Fabricating aspirations of Tibetan protesters by outsiders
By Kalsang Dhondup | June 6, 2016
Being the voice for a voiceless people is a great service but being a false voice is a grave crime. For many years, westerners have tried to be the voice for marginalized people and have written extensively for academic purposes or otherwise. Some of those works are worthy to be heard, yet many of them are biased and based on personal assumptions rather than ground reality pertaining to the particular subject of their research. Is it because they have nothing to research in their own place or is it more profitable to generate works on other people? Either way, those works published by many self-acclaimed academicians on Tibet until now has been largely vague and unworthy to be considered as authentic and complete work for interested parties.

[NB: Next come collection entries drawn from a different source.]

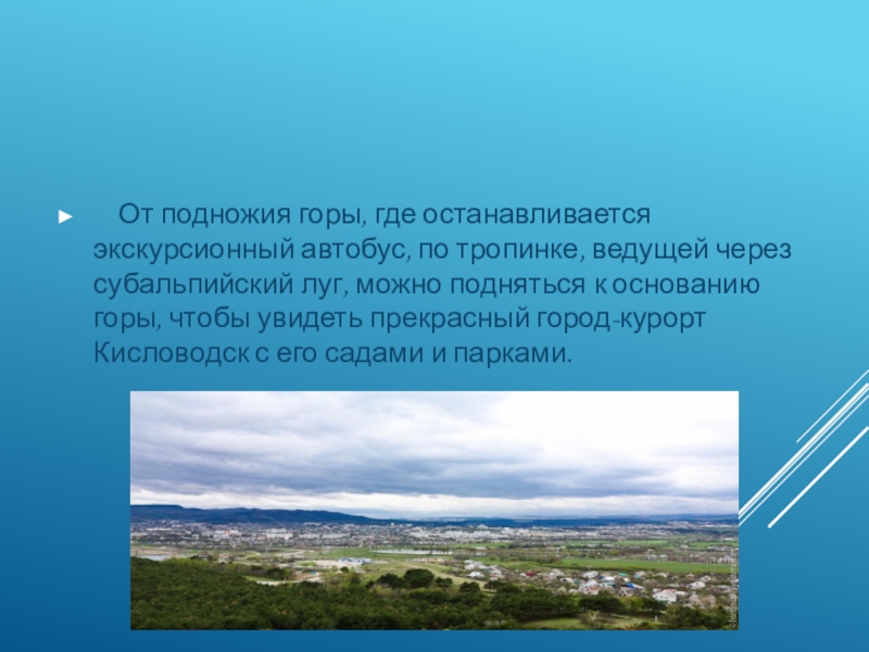 ведущей через субальпийский луг, можно подняться к основанию горы, чтобы увидеть прекрасный город-курорт Кисловодск с его садами и парками.
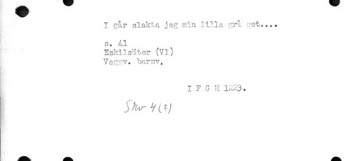 //// I går slakta jag min lilla grå get.... //// s. 41 //// Eskilsäter (Vi) //// Vagfrv. barnv. //// I F G H 1223. //// j ' ^ ^ ( ^ ////
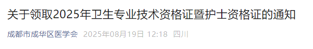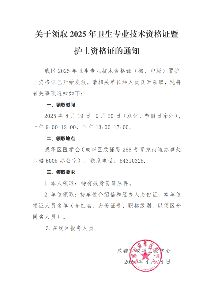 成都成華區(qū)關(guān)于領(lǐng)取2025年衛(wèi)生專業(yè)技術(shù)資格證的通知
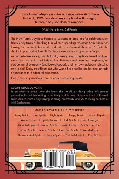 Pasadena Matron Struck and Injured by Motorcar at Rose Parade in Shaken Spirits, a Cozy Historical Mystery by Alice Duncan January, 1925 Daisy Gumm Majesty, her family and fiancé, Sam Rotondo--detective with the Pasadena Police Department--are leaving the Tournament of Roses Parade when Daisy is struck by a passing motorcar. Although scratched, bruised and with a dislocated shoulder, the outcome could have been much worse were it not for Sam's quick action. But the pain and discomfort are quickly replaced by something worse when it becomes obvious that this was no accident--someone wants Daisy dead. Unfortunately, the would-be-killer is not easily discouraged and it's going to take all the investigative savvy Daisy and Sam can muster to save Daisy's life. From the Publisher: The Daisy Gumm Majesty Cozy Mystery Series is a light-hearted mystery in a historical setting. There are no explicit sexual scenes and minimal cursing and will be enjoyed by readers who appreciate clean and wholesome reads. PRAISE for THE DAISY GUMM MAJESTY MYSTERIES "Well plotted with a band of whimsical characters and genuine humor..." ~Diane Morasco, RT Book Reviews THE DAISY GUMM MAJESTY MYSTERIES, in series order Strong Spirits Fine Spirits High Spirits Hungry Spirits Genteel Spirits Ancient Spirits Dark Spirits Spirits Onstage Unsettled Spirits Bruised Spirits Spirits United Spirits Unearthed Shaken Spirits
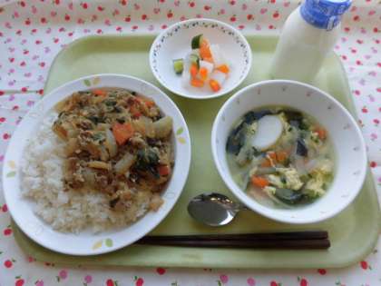 今日は韓国料理です。トックスープは日本の雑煮のようなものです。韓国では餅のことを「トック」といいます。もち米やうるち米で作ります。子どもたちから「おいしい」の声が聞かれました。
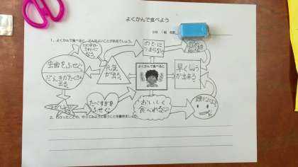 11月13日(金)今日は3年生が栄養について学習しました。テーマは「よくかんで食べよう」です。初めに栄養士の先生から「よくかんで食べるとどんなよいことがあるでしょう」ときかれて、子どもたちからは「のどにつまらない」「おいしく食べられる」「早くしょうかができる」などと次々と手が上がりました。先生とのやりとりで、この他にも「頭がよくなる」「食べすぎをふせぐ」「虫ばをふせぐ」等もわかりました。続けて「じゃこ豆」の献立を例に挙げて、給食でもよくかんで食べることが大切ですねというお話がありました。3年生の子どもたちはワークシートに「よくかんで食べるといいことがいっぱいあるので、これからは今までよりもっとよくかんで食べようと思いました」と感想を書いていました。
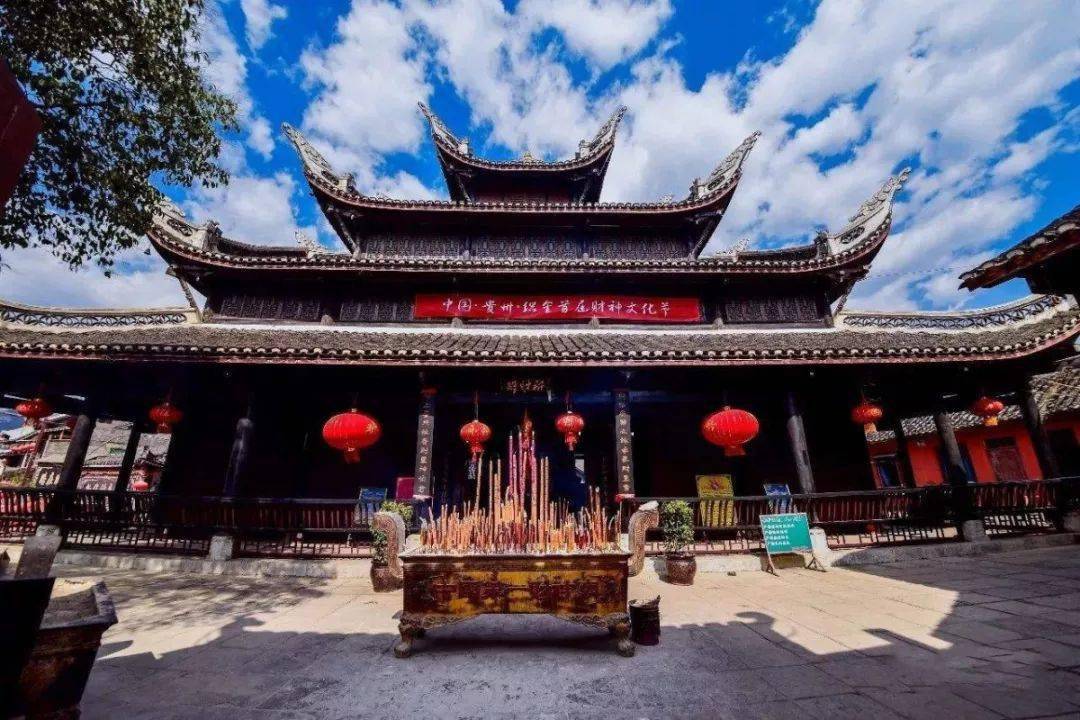 織金古城-財神廟︰位於貴州省畢節市織金縣城中心,是黔西北地區彝族文化與漢文化融合的傑作。其木構造未用一顆鐵釘,被譽為「中國第一財神廟」。秋季11月出發增遊銀杏大道。
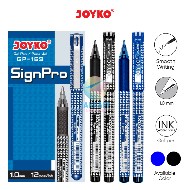 (12Pcs)GROSIR Pulpen Gel Pen Tanda Tangan JOYKO GP-169 Signpro Hitam Biru/Black Blue Tebal 1.0 mm SignPro Signature|PACK
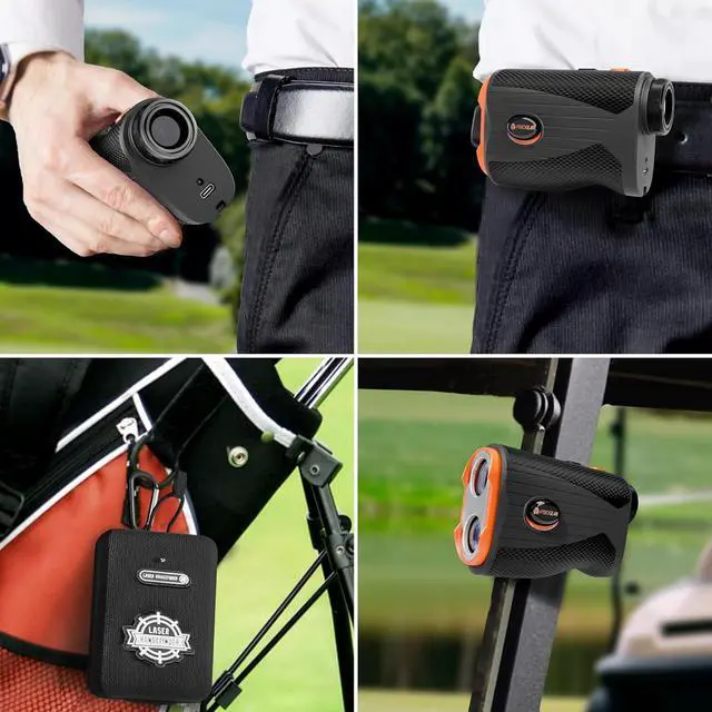 Portable & Durable: This portable golf rangefinder comes with a magnetic strip to attach it to metal objects such as clubs or carts. It also comes with a magnetic belt clip for easy carrying around. The water-resistant grade of the golf rangefinder is IPX5
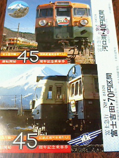 富士急線国鉄直通列車乗り入れ45周年記念乗車券
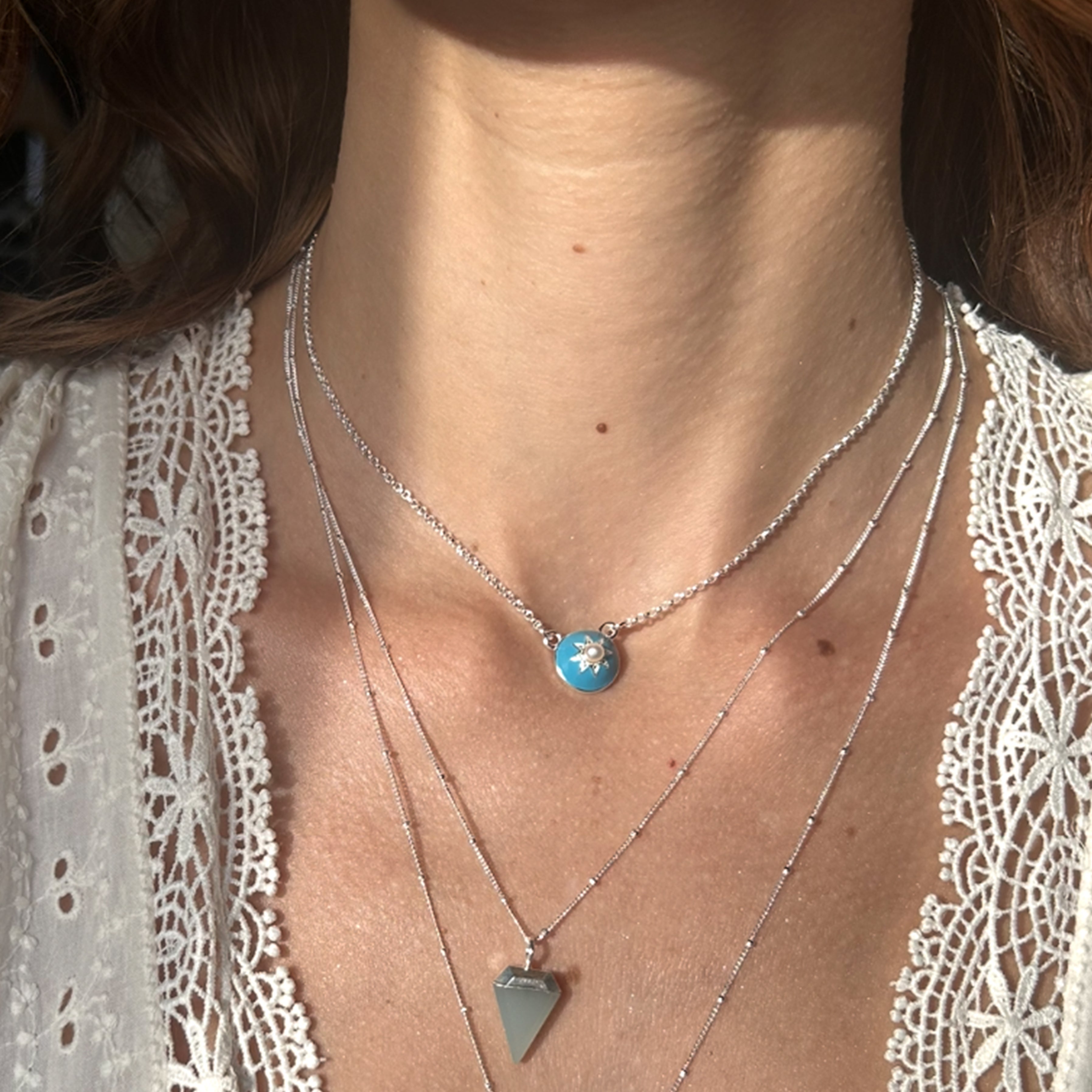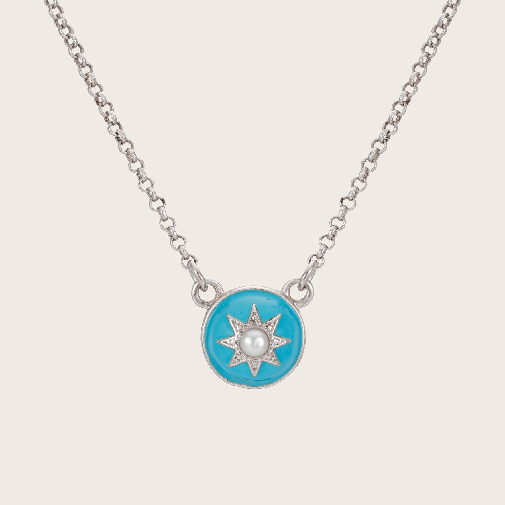 We love this quote which has inspired us for the North Star collection, each piece has been hand enamelled with a pearl in the middle of a star in the centre. This a delicate and beautiful short necklace of 16" which can be extended to 18"

In an interview in The New York Times – “Q and A: Ben Hillman and Gray Tuttle on Ethnic Unrest in Xinjiang and Tibet” dated 26th May, 2016, two researchers shared their views regarding ethnic unrest in Xinjiang and Tibet, and from that interview I also learned that they have published a book titled ‘Ethnic Conflict and Protest in Tibet and Xinjiang: Unrest in China’s West’. It is not surprising that they have published a book related to an experience they have never lived because since 1980s, Tibet has become a hit in the literary market. Many self-acclaimed Tibetologists, Tibetan Buddhism practitioners and researchers have published tons of books and documentaries but many of them are based on second-hand information, sometimes assumed facts which are not really the truth in many cases.
In the interview, the last question posed to them was “The Tibetan capital, Lhasa, was also the site of protests in the late 1980s. What is different about more recent unrest?” to which Mr. Gray Tuttle answered that “The biggest difference between the 1980s and 2008 and afterward is the locations and distribution of protests. Most of the demonstrations in 2008 and after took place outside the Tibetan Autonomous Region, to which they were largely confined in the 1980s. Also different is that many, if not most, of the demonstrations since 2008 are not seeking independence, but are just seeking to realize the autonomy and/or support that the state has promised.” The section of his answer that I disagree with is that he has confidently stated that most of the demonstrations since 2008 are not seeking independence, but are just seeking to realize the autonomy and/ or support that the state has promised. I really wonder on what basis he has made that claim.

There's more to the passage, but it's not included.